Ниже представлены графики Per sequence quality score для прямых и обратных чтений. (Рис.5 и 6)
На вышепредставленных графиках видно, что в среднем прочтения имеют Phred-score, равный 39, что говорит о высоком качестве полученных даных. При движении по оси Phred-score влево, количество
прочтений с таким Phred-score резко уменьшается, так, например, чтений с Phred-score меньше 20 нет вообще или совсем мало. В общем, хорошие данные получились.
На рисунках 7 и 8 представлены графики Sequence Length Distribution для чтений - на самом деле график для прямых и обратных чтений абсолютно одинаков, но я вставил две
картинки, чтобы это было видно. Судя по графику, подавляющее большинство чтений имеют длину 75 нуклеотидов, что хорошо.
Фильтрация чтений
После анализа чтений мы профильтровали их с помощью программы trimmomatic. Команда для запуска "фильтрации" приведена ниже (выглядит она страшно, честно говоря).
java -jar /usr/share/java/trimmomatic.jar PE -phred33 -threads 10 SRR10720419_1.fastq.gz SRR10720419_2.fastq.gz paired_1.fastq.gz unpaired_1.fastq.gz paired_2.fastq.gz unpaired_2.fastq.gz TRAILING:20 MINLEN:50
Ну и ещё там были введены названия двух входных и четырёх выходных файлов.
Проверка качества триммированных чтений
Для анализа 4 выходных файлов использовалась следующая команда
fastqc unpaired_2.fastq.gz && fastqc unpaired_1.fastq.gz && fastqc paired_1.fastq.gz && fastqc paired_2.fastq.gz
Ссылки на отчёты в формате html:
paired_1.fastqc.html
paired_2.fastqc.html
unpaired_1.fastqc.html
unpaired_2.fastqc.html
В триммированных файлах осталось 39759554 чтения, что составляет 96.32% от исходного количества.
На рисунках 7-10 представлены графики Per Base sequence quality для всех 4 файлов.

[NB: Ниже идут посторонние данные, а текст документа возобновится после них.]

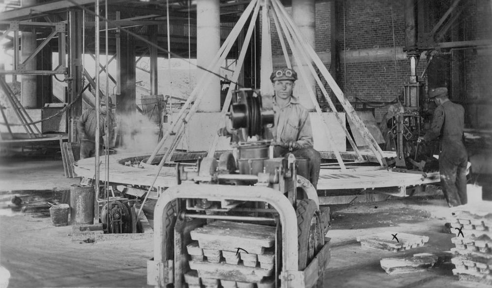 Interior view of the smelting works, Mount Isa, 1933 A worker is driving a fork lift loaded with lead bars while in the background other workers are working with a machine which possibly makes the lead bars.

Судя по графикам, качество unpaired чтений в среднем ниже качества paired чтений, как для прямых, так и для обратных чтений. Paired же чтения обладают более высоким качество по сравнению
с нефильтрованными чтениями, особенно сильно это заметно по диапазонам значений. Так, например, у forward paired чтений разброс от 32 до 40, тогда как изначально разброс значений был
от 24 до 40.
Ниже представлены графики Per sequence quality score (только для paired-чтений)
Можно сказать, что график стал более "скученным", так как на для триммированных чтений график начинается на значениях Phred-Score 14 и 18 (на нефильтрованых чтениях график начинался уже
на значениях 2 и 4). Это говорит об уменьшении чтений с низким качеством.

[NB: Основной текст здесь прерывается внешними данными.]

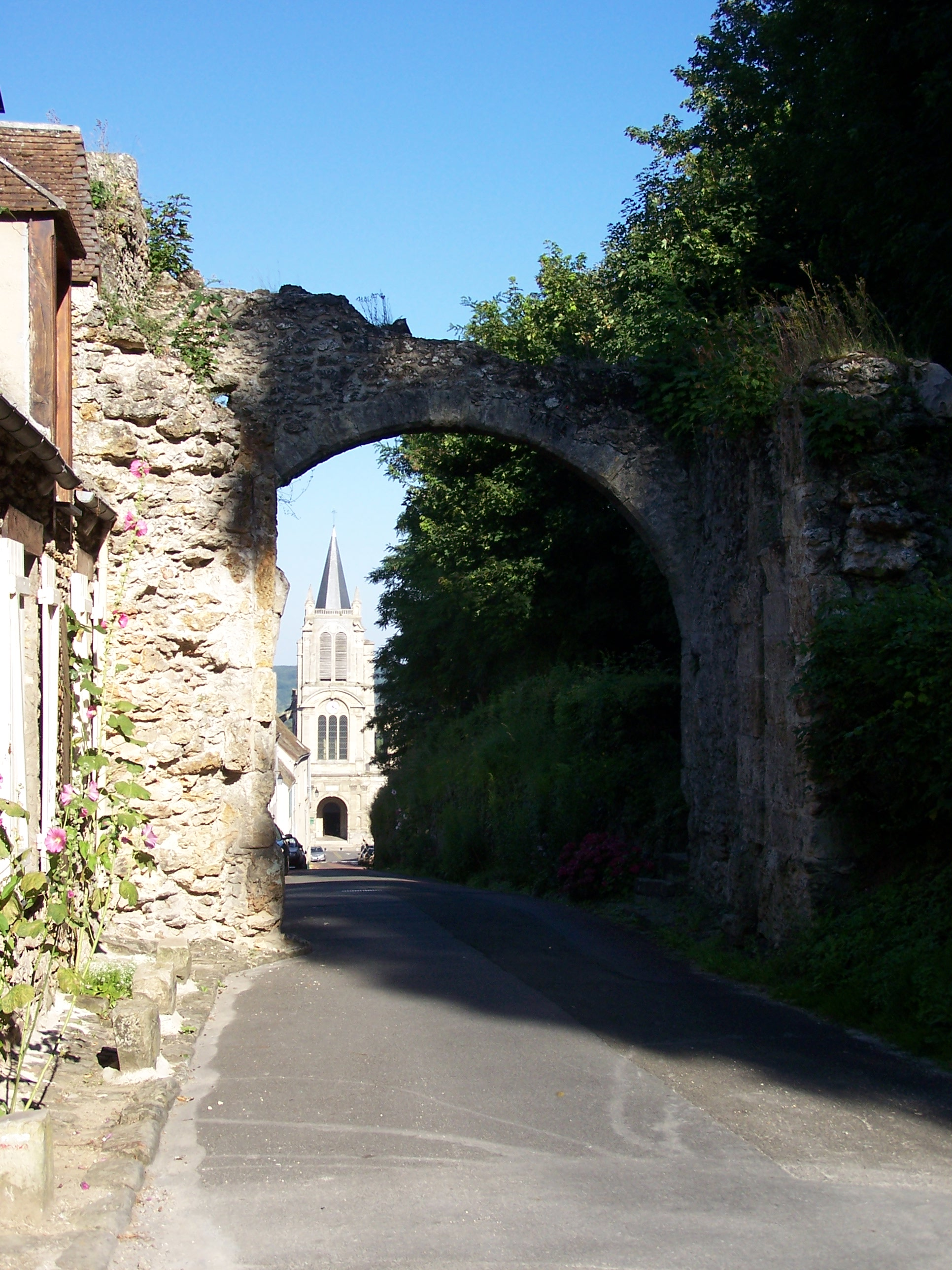 Street St Laurent and signt of the church in Montfort-l'Amaury (Yvelines, France)

Ещё ниже можно увидеть графики из раздела Sequence Length Distribution
Видно, что распределение длин чтений немного изменилось, график сильно расширился, теперь встречаются чтения с длиной сильно меньше 75, которых не было видно на графике для нетриммированных чтений. Вероятно, это произошло из-за того, что укороченные в результате удаления с конца нуклеотидов с качеством меньше 20 чтения приобрели больший Phred-Score.